In her studies of skin, Fuchs pioneered the technique known as "reverse genetics," in which a researcher examines how a protein functions and determines the diseases that result when that protein is defective. Traditionally, researchers would select a disease of interest and identify the gene responsible for it. The unconventional approach employed by Fuchs now is widely used by scientists seeking insights into the genetic basis of human diseases.
Fuchs currently is working on the gene expression of embryonic and adult skin stem cells that determines when they divide and the types of cells they become, which could lead to advances in knowledge about the organization of stem cells in other body tissues, with implications for numerous medical conditions.
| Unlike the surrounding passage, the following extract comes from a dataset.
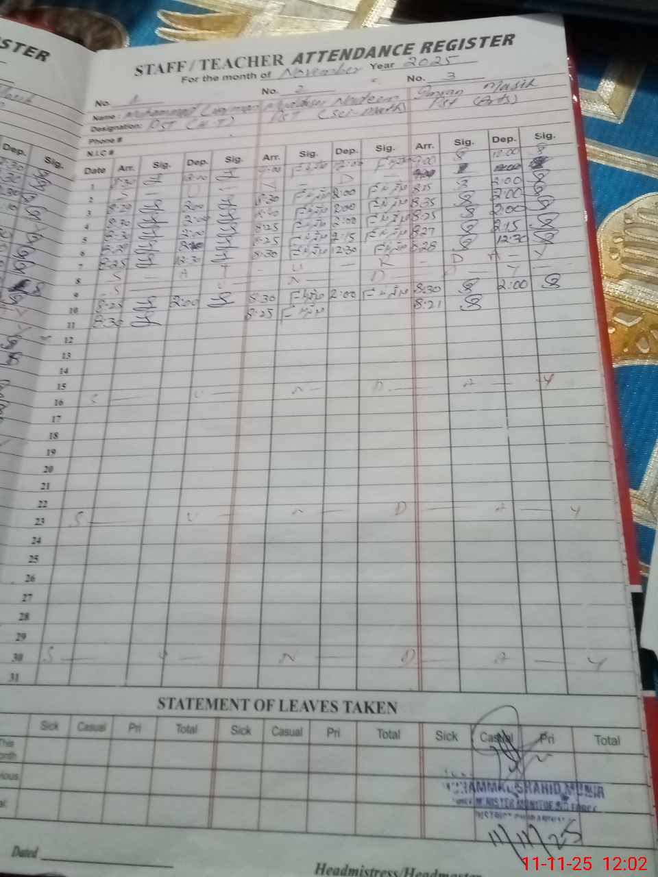 | CNIC | Full Name | Designation | R/C | Absence During Last Calender Month |

"Her molecular expertise and innovative approaches allowed her to quickly become a pioneer in the important field of skin biology," said prominent cellular biologist Bruce Alberts, a former Princeton faculty member who taught Fuchs during her graduate studies. Her work "exemplifies the very highest quality of what is referred to as translational research, and I view her as a model scientist for others to follow," he said.
Alberts, who is the editor-in-chief of Science magazine and a professor emeritus at the University of California-San Francisco, also noted that "Elaine has played an important part in building the next generation of outstanding scientists, being an especially outspoken and powerful mentor for large numbers of female scientists."
Fuchs has been an investigator at the Howard Hughes Medical Institute, one of the highest honors in biomedical research, since 1988. Among other awards, she has received the L'Oréal-UNESCO Award in the Life Sciences, which recognizes exceptional women scientists, and the Federation of American Societies for Experimental Biology Award for Scientific Excellence. She is the president of the International Society for Stem Cell Research.
In 2001 Fuchs was named by the Princeton Alumni Weekly as one of the 100 notable alumni of Princeton's Graduate School in honor of the school's centennial.
Fuchs is a 1972 graduate of the University of Illinois-Urbana/Champaign. After earning her Ph.D. at Princeton, she spent two years as a postdoctoral fellow at the Massachusetts Institute of Technology. She then spent 22 years on the faculty at the University of Chicago before joining the faculty at Rockefeller in 2002.